U.S. paving the way to global LNG markets

U.S. paving the way to global LNG markets

With its first liquefied natural gas (LNG) export terminal set to go into production in December 2015, the United States is joining the competitive race for control over global natural gas markets.

Ever since hydraulic fracturing breathed new life into the U.S.’s faltering oil and gas industry, natural gas has become an abundant and cheap commodity for U.S. consumers. With the ability to export, U.S. producers will gain new momentum in terms of better integration with the global LNG market, while the U.S. government will acquire a new lever with which to pursue American global interests.

Unlike crude oil, where a 40-year administrative ban still prevents exports on a large scale, the key obstacle for natural gas exports is the still non-existent LNG export terminals network.

At the moment, five LNG export terminals are being built along the U.S. East Coast, with Cheniere Energy’s Sabine Pass set to become the first operational LNG export facility in the U.S. in December 2015. The project will mark a new chapter for the U.S. energy sector, but prospects for natural gas exports are not entirely rosy.

When times were good and oil prices high, U.S. natural gas producers could count on low domestic prices linked to Henry Hub Spot in order to boost their margins and competitiveness on global markets where gas is indexed to oil prices.

Since August 2014, however, oil prices have slumped by more than 60%. In such an environment, U.S. natural gas lost much of its attractiveness outside the United States. With this in mind, a recently published Brookings Institute study forecasts that only projects currently under construction will make it to the market by 2020, with others more likely to fail.

The industry’s trade group, America’s Natural Gas Alliance, has already warned that the U.S. might lose the battle with other producers for its share of global natural gas markets.

Both Australia and East African countries are ahead, with plans to build export terminals, along with the existing LNG and pipeline exporters, such as Qatar, Russia, Norway, and potentially Iran.

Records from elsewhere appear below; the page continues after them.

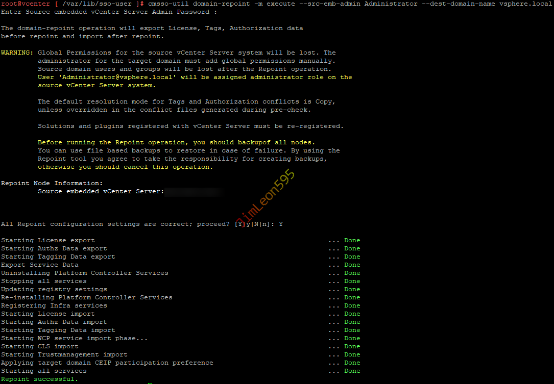 1 | cmsso-util domain-repoint -m execute --src-emb-admin Administrator --dest-domain-name vsphere.local |
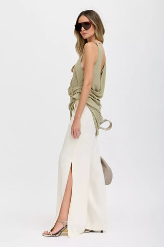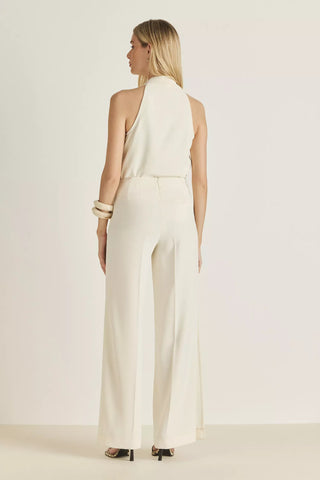 Este pantalón de corte sastrero se destaca por su calce fluido y detalle en satén que aporta un toque sofisticado. Su caída suave acompaña el movimiento, ideal para un look cómodo y refinado.
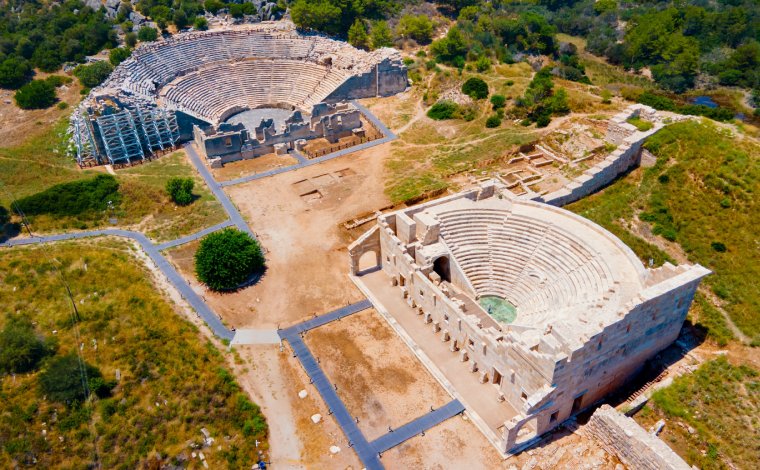 Dünyanın en yüksek rakımlı antik tiyatrolarından birine evsahipliği yapan Sagalassos’taki bu tarihi yapının kapsitesi 10 bindi. Antik Çağ’da bu tip yapıların genelde kent nüfusunun yüzde 10’una ağırlayabilecek şekilde tasarlandığını düşünecek olursak Sagalassos’un en parlak döneminde 100 bin kişilik bir nüfusu barındırdığını söyleyebiliriz. Her biri estetik harikası çeşmeleriyle tanınan antik kentte Antoninler Çeşmesi’nin ayrı bir yeri var. Bölgede yapılan DNA çalışmaları kentte Roma döneminde yaşayan insanların nispeten daha sağlıksız olduğu sonucunu ortaya çıkarıdı. Bu da antik kentin Roma yönetiminden önce daha müreffeh olabileceği sonucunu ortaya çıkarıyor.
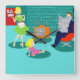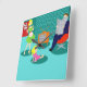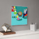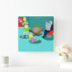 This 1950's Classic Television Wall Clock features a perfect 1950's family in its natural habitat. They are in their turquoise and teal living room. The father is lounging in his red egg chair, while reading the newspaper. The daughter is sprawled out on the floor in a lovely, pink frock. Her blonde hair is in a ponytail and she is kicked back watching a black and white television show on the bright orange, tube TV set. To the left, the mother is wafting into the room in a flouncy green dress and a white apron with red detailing. Not a hair on her blonde head is out of place. She is carrying a pink, three-layer cake with chocolate frosting. You won't believe the details in this design. The bright, red door in the distance, the retro artwork on the wall, the real newsprint on Dad's newspaper and the black and white housewife vacuuming her 1950's living room on the television set make this absolutely irresistible! Oh, my stars! They are a 1950's classic television family watching a 1950's classic television show. Is there no end to this brilliance?
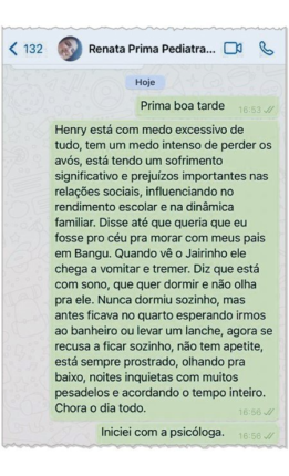 Às 16h53 do dia 18 de fevereiro, a professora então escreveu para a pediatra: “Henry está com medo excessivo de tudo, tem um medo intenso de perder os avós, está tendo um sofrimento significativo e prejuízos importantes nas relações sociais, influenciando no rendimento escolar e na dinâmica familiar. Disse até que queria que eu fosse pro céu pra morar com meus pais, em Bangu”.
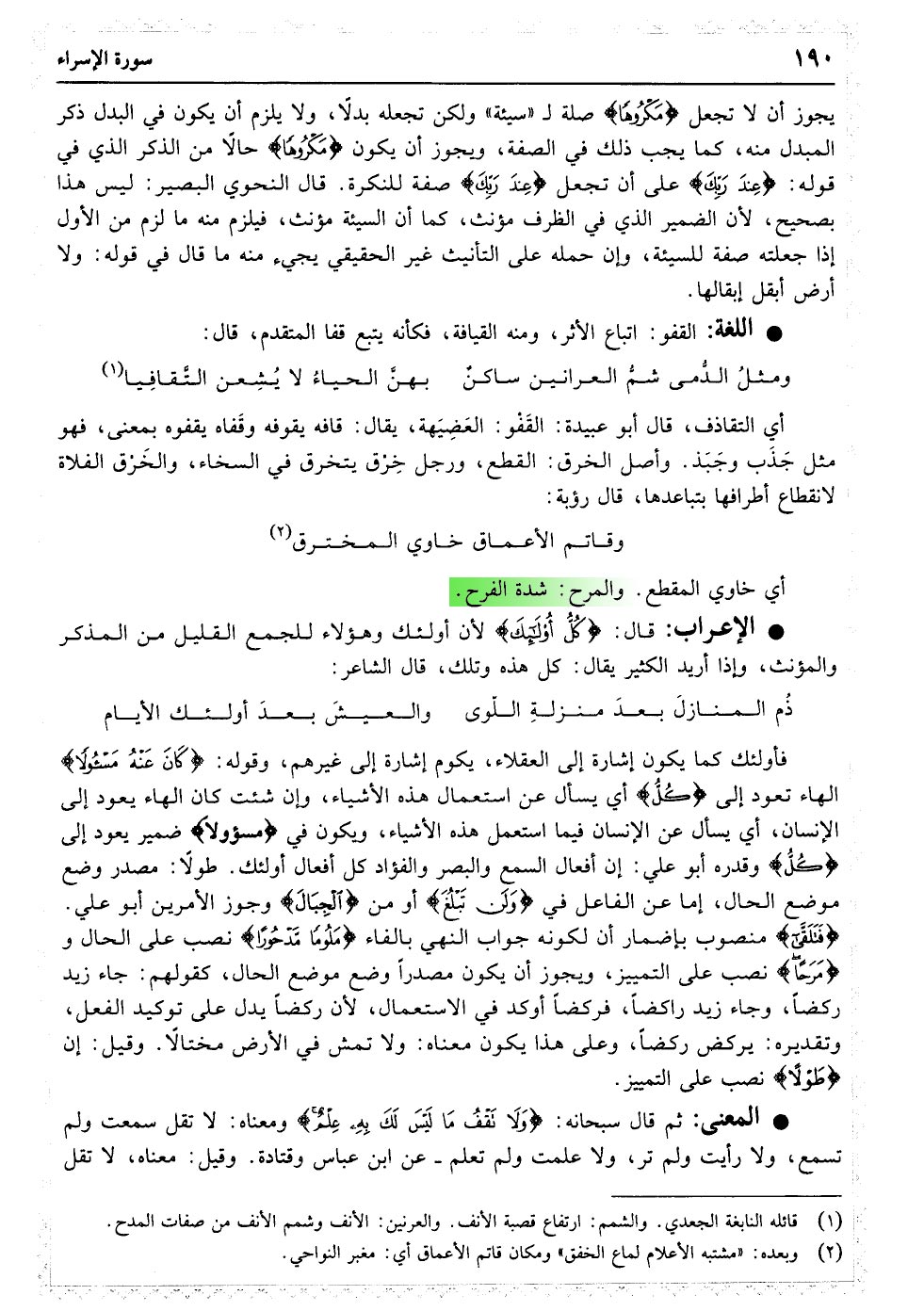 بررسی لغات، مفردات، معنا و تفسیر آیات شریفه ۳۶ تا ۴۰ سوره اِسراء
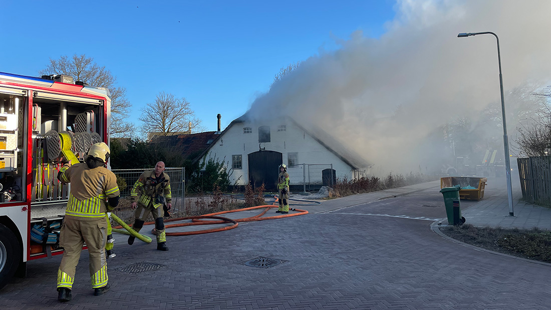 Een buurtbewoner heeft nog getracht het vuur te blussen. Hij verklaarde tegenover ons, dat het vuur aan de achterkant vrij laag in de rieten kap begonnen leek. Een andere buurtbewoonster had toen al de brandweer gewaarschuwd.
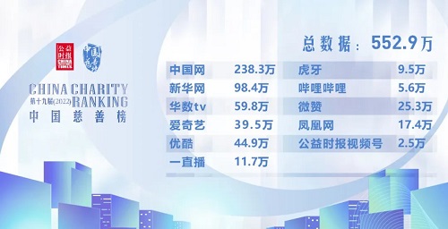 傳播數(shù)據(jù)是最為直觀的體現(xiàn)。5月30日第十九屆(2022)中國慈善榜發(fā)布活動開播后,短時間內(nèi),幾大直播平臺就有總計超過552.9萬人次同時在線觀看,引發(fā)了極大的社會關注。
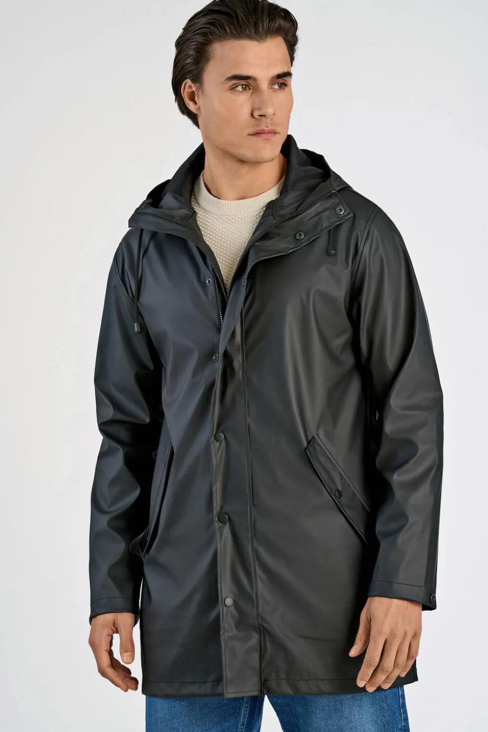 Regnjakke fra Lindbergh i enkelt design. Regnjakken er vandtæt (3000mm) og har en praktisk hætte med snøre. Der er slids bagpå for ekstra bevægelsesfrihed og to trykknapper ved ærmerne, så størrelsen kan justeres. Lukkes med trykknapper og har to sidelommer
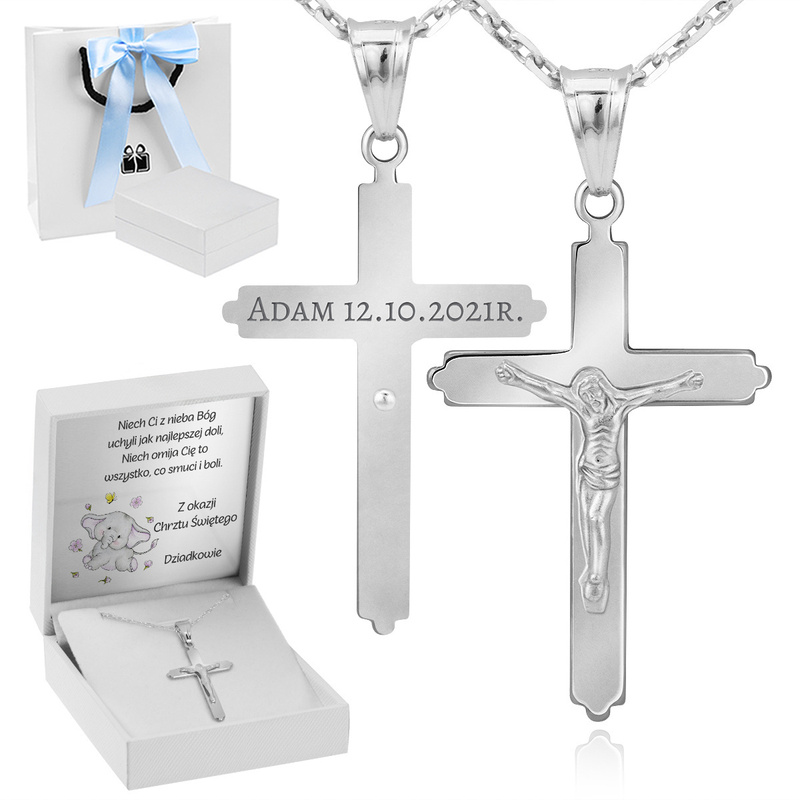 Krzyżyk jest w komplecie ze srebrnym łańcuszkiem (ankier). Oba przedmioty umieścimy w białym pudełku. W jego wnętrzu dodamy tabliczkę z osobistą dedykacją klienta. Mogą to być życzenia, słowa modlitwy, pieśni dopełnione grafiką itp. Komplet zapakujemy do torebki prezentowej ze wstążką. Tak przygotowany prezent wygląda niezwykle elegancko i robi dobre wrażenie.
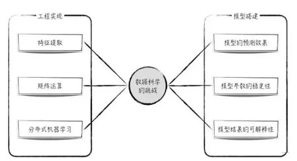 在数据科学实践中,我们将使用较为复杂的机器学习或统计模型对数据做精细化的分析和预测。这在工程实现和模型搭建两方面都提出了挑战,如图2所示。

In terms of exports to Europe, the question is how competitive U.S. gas can be in comparison to pipeline-delivered natural gas from Russia and other LNG exporters.

At the moment, the breakeven price of U.S. exports to Europe would be around $7-8 per million British thermal units (mmBtu), compared to an average EU import price of $6.95 per mmBtu in August 2015. Exports to Asia would be higher due to transportation costs, which would make them unviable with current Asian spot prices down by 60%, and currently at $8 per mmBtu.

Apart from market driven circumstances, geopolitical uncertainties in Europe and the Middle East might play in the United States’ favour.

Although U.S. shale gas will probably never be able to compete directly with Russian gas in terms of price, it might have indirect influence on European gas prices by putting an upper cap on Gazprom’s prices: direct impact on the continent’s security in the context of Europe’s skirmishes with Moscow over Ukraine, and efforts to reduce dependency on Russian energy. This is predominantly valid for Baltic and Eastern European countries that are particularly eager to break Russian energy domination.

Turkey, on the other hand, might directly benefit from U.S. exports. At the moment, Turkey imports natural gas at $12 per mmBtu and $14 per mmBtu from Russia and Iran, respectively. In addition, recent upheavals in relations with Russia over its role in Syria could be another reason for Turkey to consider this option after long-term gas import contracts expire in 2021.

In today’s saturated, low-price environment, the U.S. has a long way to go before it establishes a foothold in the global LNG market. In the short term, its impact will be less significant than some would have hoped, but in the long term, it could impact global natural gas prices, ease Russian energy domination in Europe, and strengthen energy security in Asia-Pacific.

About Author

Ante Batovic

Ante was previously a lecturer in International History at the University of Zadar where he specialised in Cold War and East European history. He was also a visiting fellow at the LSE IDEAS centre and the fellow of the Robert Schuman Foundation in the European Parliament. He holds a master’s degree in Global Politics from the London School of Economics and a PhD from the University of Zadar.